The vignettes have been completely rewritten to be useful as tutorials. The
first vignette, "intro_to_pomp", is a step-by-step guide to the construction
of a 'pomp' and simulation, particle filtering, trajectory-matching, iterated
filtering, and nonlinear forecasting. View it by doing
R> ?vignette("intro_to_pomp")
The second vignette shows how to accelerate performance using compiled native
routines and briefly introduces the developer interface to pomp. View it by
doing
R> ?vignette("advanced_topics_in_pomp")
Change 2. New plugins.
As you probably know very well, it can be challenging to implement a model in
pomp. In particular, the most difficult bit is typically writing the process
model simulator (rprocess). In an effort to make this more intuitive, I have
provided several new "plugins": functions that write the 'rprocess' function
for you given minimal input on the form of the model.

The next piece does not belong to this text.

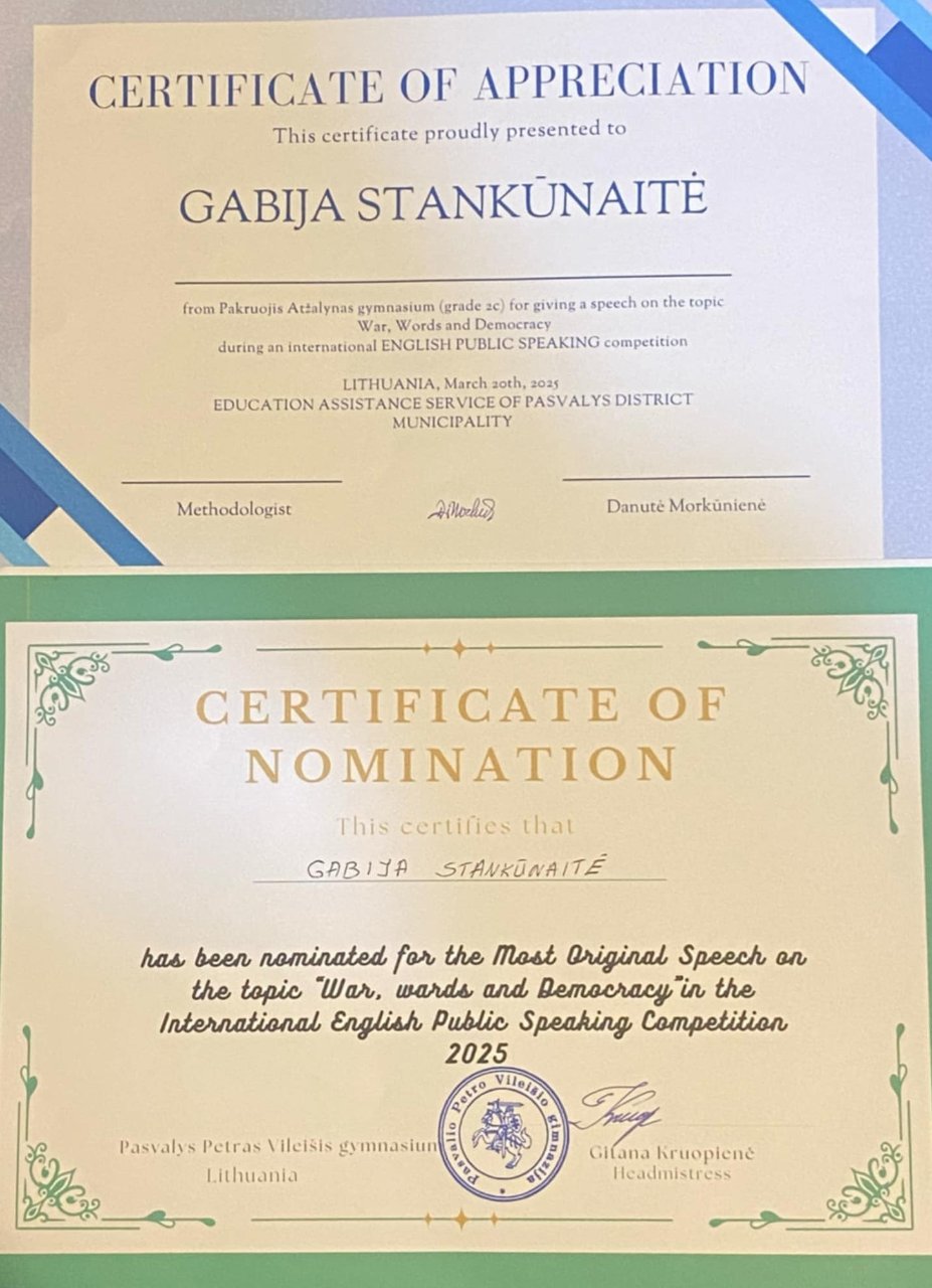 Šių metų kovo 20 dieną kartu su anglų kalbos mokytoja Vilma Sabaliauskiene išvykome į Pasvalį. Ten vyko tarptautinis oratorių konkursas anglų kalba, kalbėjimo tema „War, Words and Democracy“ („Karas, žodžiai ir demokratija“). Mokiniai turėjo parašyti savo kalbą, išmokti ją atmintinai ir įtaigiai ją pasakyti salei, pilnai žiūrovų. Po kalbos konkurso dalyviai atsakinėjo į klausytojų pateiktus klausimus duota tema. Dalyvius vertino tarptautinė anglų kalbos mokytojų komisija.

For some time there has been some plugin functionality, but their structure
has made them nonintuitive and their documentation difficult to understand
from the user's point of view. The new plugins are much more straightforward
to use and their documentation is clearer (I hope). The new plugins provide
precisely the same functionality: only the interface has changed. To be
clear: switching over to the new-style plugins will have no effect on the
underlying model nor, therefore, on inferences that have been based on that
model.
If you have been using the old-style plugins (euler.simulate or
onestep.simulate), you can continue to do so for the time being. However,
warning messages will be generated to inform you that these functions are
deprecated and will be removed in a later release of pomp.
To switch over to the new-style plugins, you need only edit a few lines in the
R code that constructs a pomp object. Specifically, if you use
pomp(...,rprocess=euler.simulate,...,delta.t=dt,...,step.fun=foo,...,PACKAGE=bar, ...)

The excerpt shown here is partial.